Back to Garden
Ecosystem|October 27, 2024

Exploring Real-Time Website Monitoring with AWS Lambda & DynamoDB: A Learning Journey

#AWS#Serverless#Observability#Database

In today’s fast-paced digital world, websites play a crucial role in communication with customers, partners, and employees. As a result, it…

In today’s fast-paced digital world, websites play a crucial role in communication with customers, partners, and employees. As a result, it is essential for organizations to ensure that their websites are up-to-date and provide accurate information. In an effort to gain hands-on experience with different services offered by AWS, a decision was made to explore the use of AWS Lambda & DynamoDB for real-time website monitoring and notification.

AWS Lambda is a serverless computing platform that enables the execution of code without having to manage the underlying infrastructure. It runs code in response to events, such as changes in DynamoDB data, S3 bucket uploads, or HTTP requests from Amazon API Gateway. DynamoDB is a fast and flexible NoSQL database service that provides consistent, single-digit millisecond latency at any scale.

By using AWS Lambda and DynamoDB, a real-time website monitoring and notification system can be created to alert stakeholders of any changes in the website’s information. The system can be set up to regularly scrape the website and compare the information to the previous scrape. If there are any changes, a notification can be sent to the relevant stakeholders.

Here is a sample code for the AWS Lambda function that can be used to scrape the website and compare the data:

const axios = require('axios');  
const cheerio = require('cheerio');  
const AWS = require('aws-sdk');  
exports.handler = async (event) => {  
    const url = 'https://www.example.com';  
    const dynamoDb = new AWS.DynamoDB.DocumentClient();  
    const res = await axios.get(url);  
    const $ = cheerio.load(res.data);  
    const currentData = \[\];  
    $('table tr').each((i, elem) => {  
        currentData.push({  
            date: $(elem).find('td').eq(0).text(),  
            title: $(elem).find('td').eq(1).text(),  
            description: $(elem).find('td').eq(2).text()  
        });  
    });  
    const previousData = await dynamoDb.get({  
        TableName: 'website_data',  
        Key: { id: 'previous_data' }  
    }).promise();  
    if (previousData.Item) {  
        const changes = compareData(previousData.Item.data, currentData);  
        if (changes.length) {  
            await sendNotification(changes);  
            await dynamoDb.put({  
                TableName: 'website_data',  
                Item: { id: 'previous_data', data: currentData }  
            }).promise();  
        }  
    } else {  
        await dynamoDb.put({  
            TableName: 'website_data',  
            Item: { id: 'previous_data', data: currentData }  
        }).promise();  
    }  
};  
function compareData(previous, current) {  
    // logic to compare previous data with current data  
    return changes;  
}  
function sendNotification(changes) {  
    // logic to send notification  

}

The above code demonstrates how AWS Lambda can be used to scrape a website, compare the data with previous scrapes, and send notifications if there are any changes. The function uses the Axios library to make a GET request to the website and the Cheerio library to extract data from the HTML response. The current data is then stored in a DynamoDB table for comparison with future scrapes. If there are any differences between the current and previous data, the function sends a notification to relevant stakeholders through the sendNotification function.

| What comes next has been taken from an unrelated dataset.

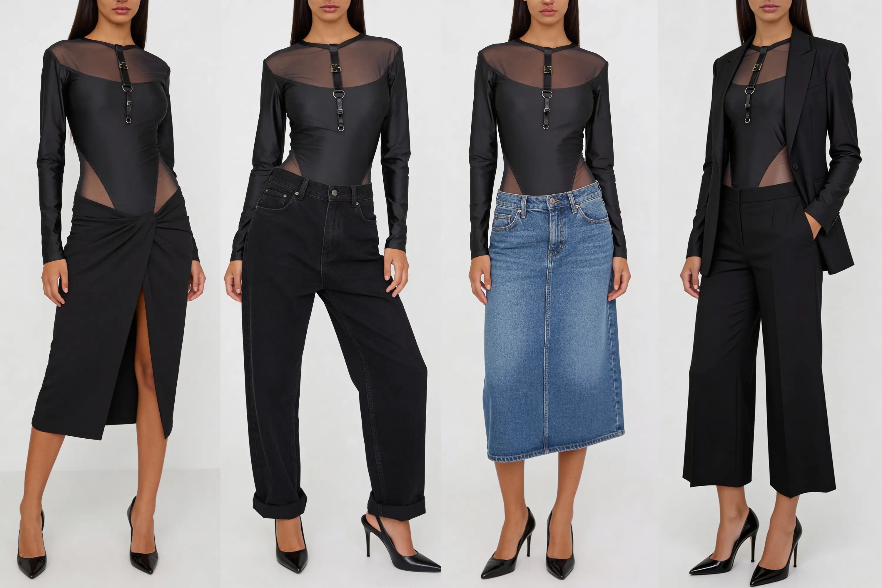 J’adore penser un body comme une pièce‑pivot : simple, technique et capable de traverser la journée sans effort. Voici comment je l’imagine, du matin au soir — des idées concrètes pour composer des looks qui respectent votre confort et affirment votre présence.

To schedule the Lambda function to run at regular intervals, AWS EventBridge can be used. EventBridge is a serverless event bus that enables applications to exchange data between AWS services and to process data streams in real-time. To schedule the Lambda function, a CloudWatch Event rule can be created that triggers the function at a specified time or interval.

With the real-time website monitoring and notification system, organizations can stay on top of any changes in their website and take prompt action if necessary. AWS Lambda and DynamoDB provide a cost-effective and scalable solution for monitoring websites and sending notifications in real-time.

In conclusion, AWS Lambda & DynamoDB are powerful tools for creating real-time website monitoring and notification systems. Through this hands-on experience, the potential of these services has been highlighted and their benefits demonstrated. This article serves as a guide for those looking to gain practical experience with AWS services while building a useful application.